● Stored data:
************

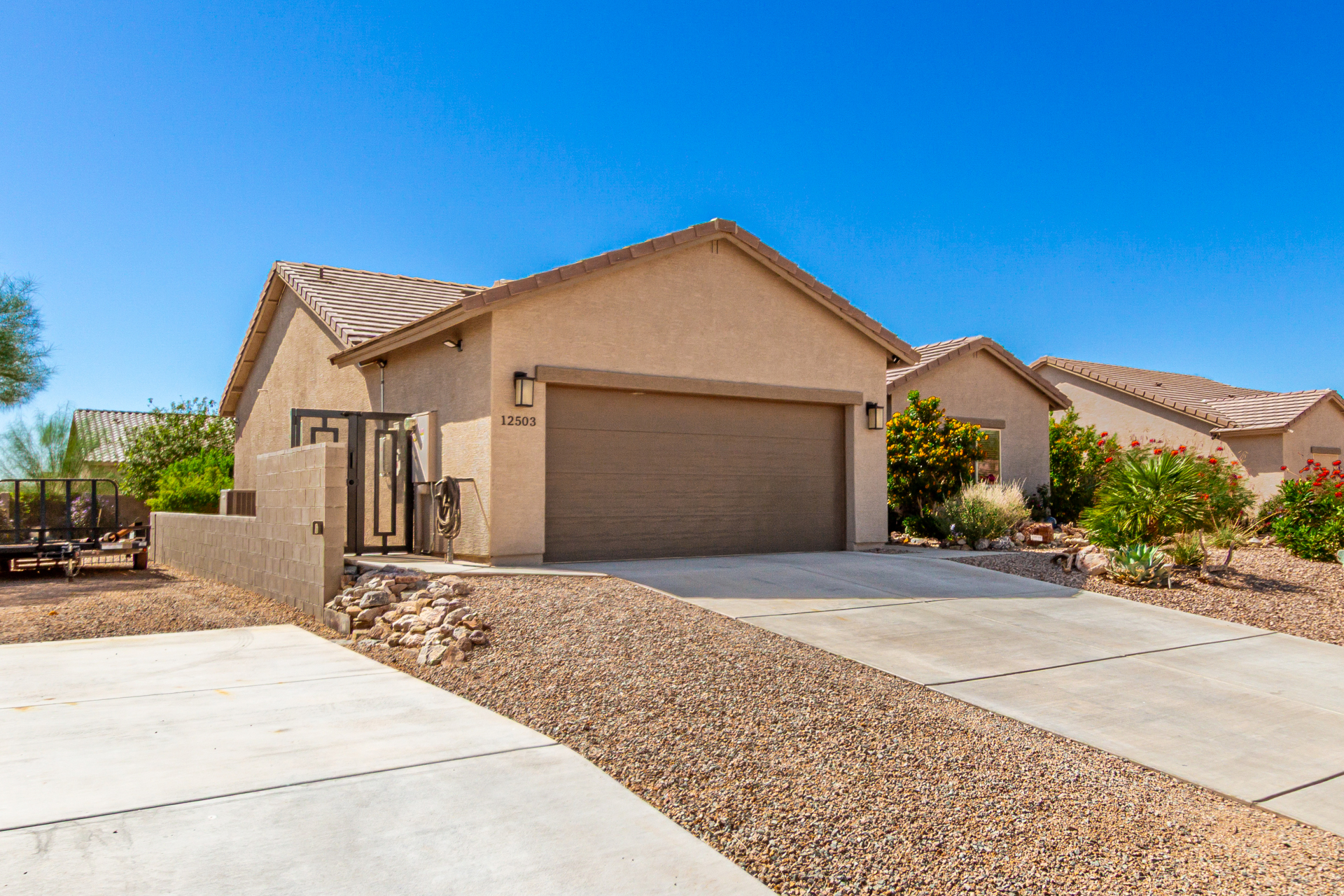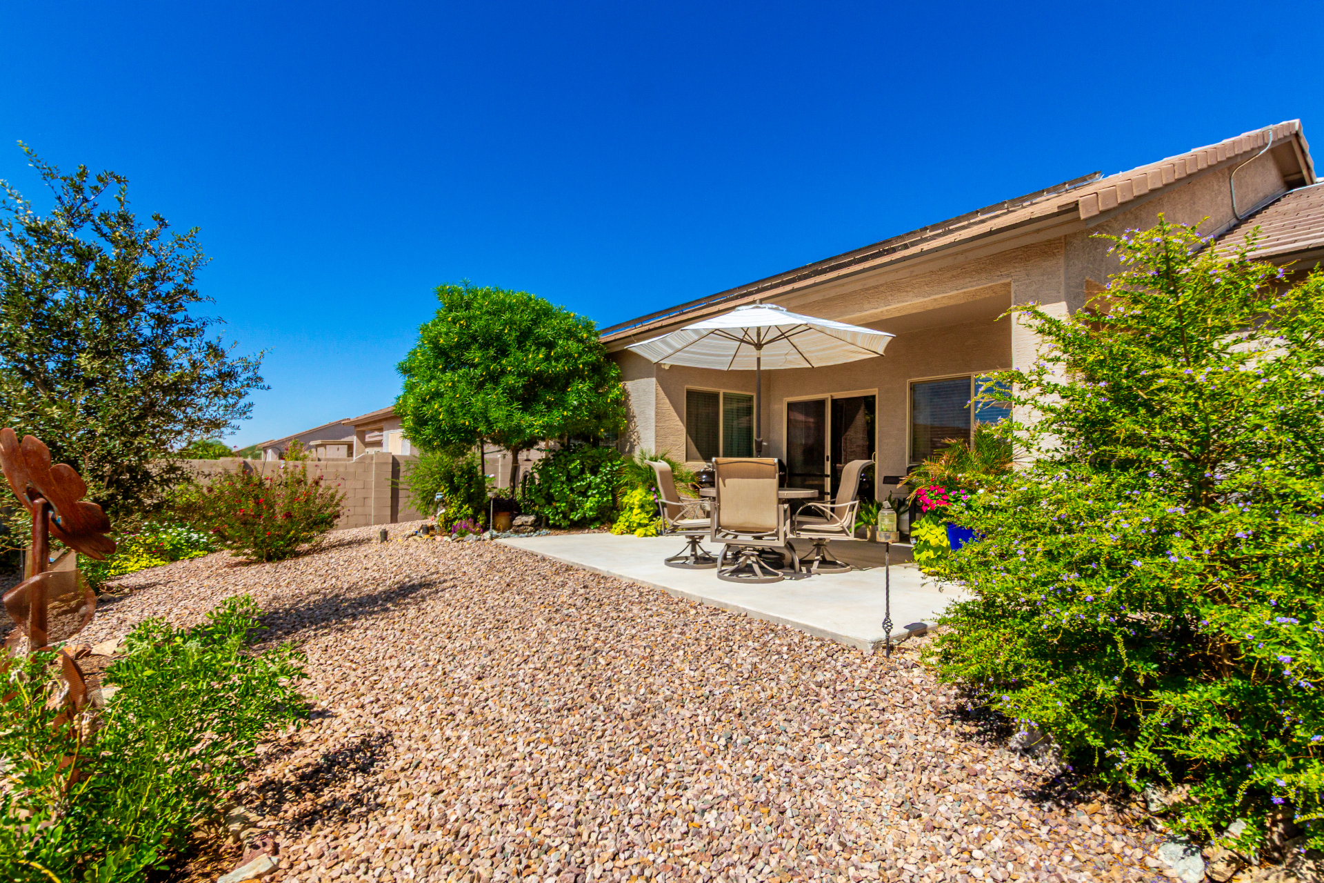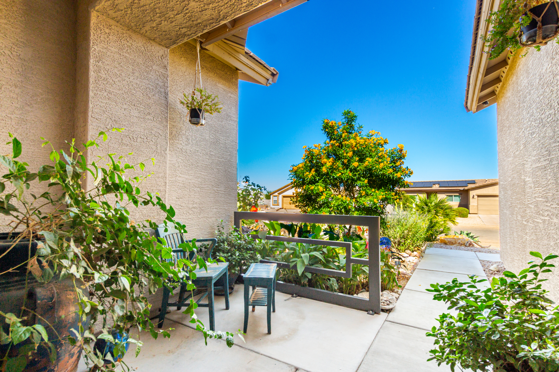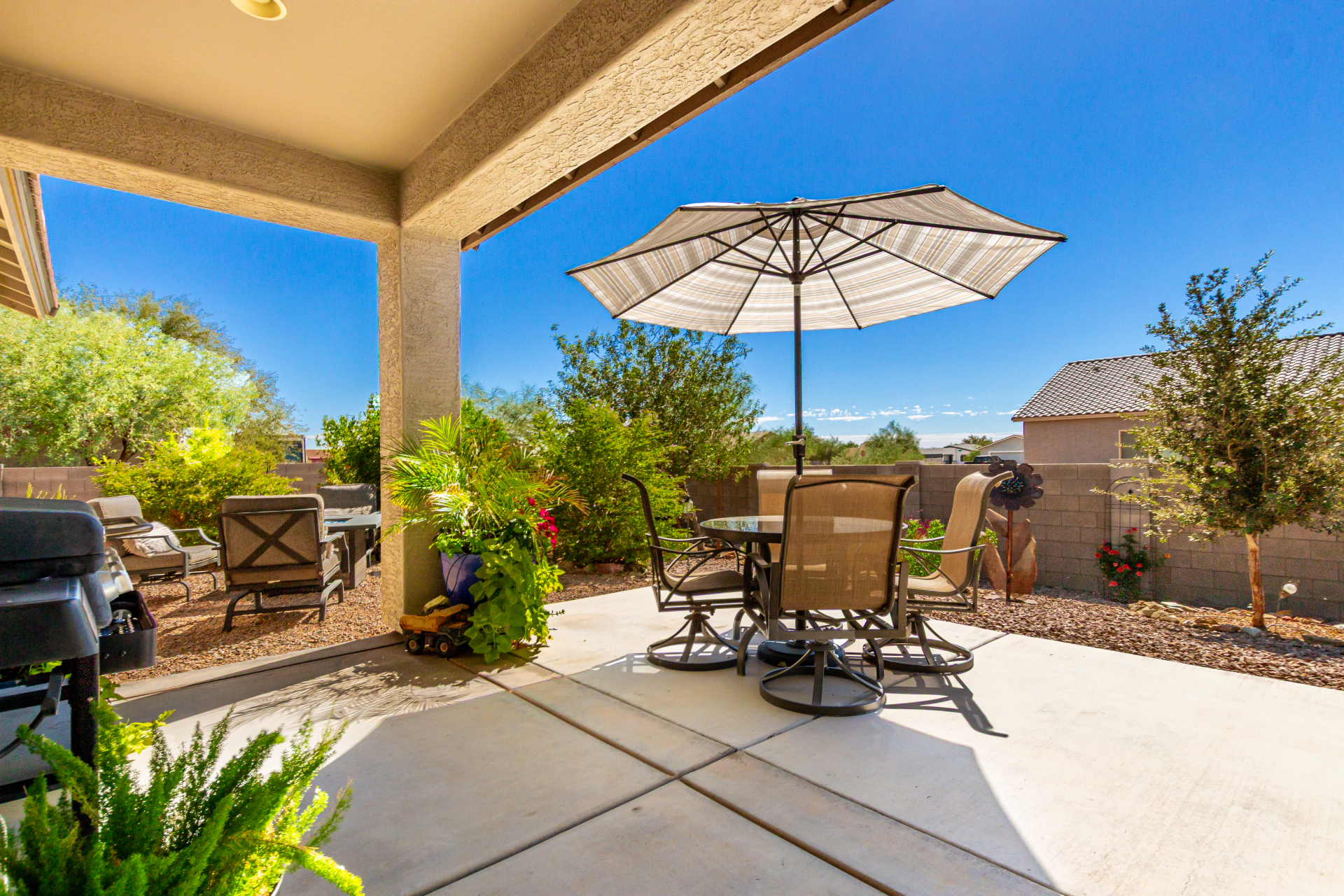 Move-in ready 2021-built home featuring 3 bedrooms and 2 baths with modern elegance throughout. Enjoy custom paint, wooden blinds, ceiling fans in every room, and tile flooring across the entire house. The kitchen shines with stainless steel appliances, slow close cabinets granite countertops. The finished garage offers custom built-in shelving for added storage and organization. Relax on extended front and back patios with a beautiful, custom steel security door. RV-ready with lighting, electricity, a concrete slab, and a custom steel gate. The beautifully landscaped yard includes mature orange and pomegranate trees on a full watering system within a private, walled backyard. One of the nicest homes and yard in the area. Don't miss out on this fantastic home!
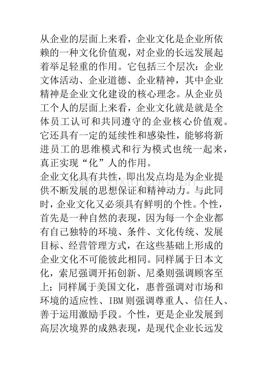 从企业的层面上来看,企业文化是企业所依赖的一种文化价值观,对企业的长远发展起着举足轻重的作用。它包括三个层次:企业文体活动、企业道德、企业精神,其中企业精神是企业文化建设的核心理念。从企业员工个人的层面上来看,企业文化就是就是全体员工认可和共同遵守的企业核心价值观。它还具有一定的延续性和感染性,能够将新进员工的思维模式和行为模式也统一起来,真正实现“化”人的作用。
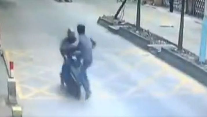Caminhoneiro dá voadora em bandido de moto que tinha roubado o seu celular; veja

************

● Exercise requirements:
Only the pictures are to be dropped; all other material above must be repeated exactly.

● Solution below:
 Move-in ready 2021-built home featuring 3 bedrooms and 2 baths with modern elegance throughout. Enjoy custom paint, wooden blinds, ceiling fans in every room, and tile flooring across the entire house. The kitchen shines with stainless steel appliances, slow close cabinets granite countertops. The finished garage offers custom built-in shelving for added storage and organization. Relax on extended front and back patios with a beautiful, custom steel security door. RV-ready with lighting, electricity, a concrete slab, and a custom steel gate. The beautifully landscaped yard includes mature orange and pomegranate trees on a full watering system within a private, walled backyard. One of the nicest homes and yard in the area. Don't miss out on this fantastic home!
 从企业的层面上来看,企业文化是企业所依赖的一种文化价值观,对企业的长远发展起着举足轻重的作用。它包括三个层次:企业文体活动、企业道德、企业精神,其中企业精神是企业文化建设的核心理念。从企业员工个人的层面上来看,企业文化就是就是全体员工认可和共同遵守的企业核心价值观。它还具有一定的延续性和感染性,能够将新进员工的思维模式和行为模式也统一起来,真正实现“化”人的作用。
Caminhoneiro dá voadora em bandido de moto que tinha roubado o seu celular; veja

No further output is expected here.